Longtermism is an ethical theory that requires us to consider the effects of today’s decisions on all of humanity’s potential futures. It can lead to extremes, as it concludes that one should sacrifice the present wellbeing of humanity for the good of humanity’s potential futures. Many Longtermists believe humans will ultimately lose control of AI, as it will become “superintelligent”, outthinking humans in every domain – social acumen, mathematical abilities, strategic thinking, and more.
So is Longtermism just futuristic fearmongering or does it point to genuine risks? The long-term risks are not entirely imaginary, we believe, but one must see beyond the sensationalized existential risks that receive so much airtime and reconceptualize things, considering realities of today’s AI ecosystem. In what follows, we propose a view we call Moderate Longtermism.
1. Reconceptualizing long-term risks
First, notice that AI systems do not need to be superintelligent to outthink humans in significant ways and pose a serious risk to human survival. For example, an emotionally deficient system, such as one that is deficient in empathy and moral programming, yet which can set and achieve goals, self-improve, and possesses superior planning and execution abilities, would seem to be the most dangerous system of all, especially when given knowledge of (and access to) critical infrastructure.
Because this system wouldn’t outthink us in every domain, it would not be superintelligent. Indeed, this kind of system is already within the technological near-term horizon. And it is precisely the combination of superhuman abilities in certain domains and massive gaps in other abilities that makes it dangerous.
Second, a Terminator-style scenario does not seem to be the real threat with superintelligent AI systems, at least for now.

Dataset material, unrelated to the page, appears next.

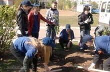 05.05.12. учащиеся 10а класса совместно с воспитанниками Детского реабилитационного центра (для детей-инвалидов) в честь 67-ой годовщины Победы в Великой Отечественной войне посадили деревья на центральной аллее школьного двора.

For one thing, robotics developments lag far behind developments in generative AI. Second, the danger concerns not just a single “killer robot” system, but rather the unforeseen impacts of the interaction of many of these systems in the larger AI ecosystem. There are legitimate cybersecurity worries about interacting AIs on the internet that could exhibit emergent features, including greater-than-human intelligence. These are not embodied, humanoid intelligences, yet they are serious candidates for the aforementioned emotionally deficient systems of concern.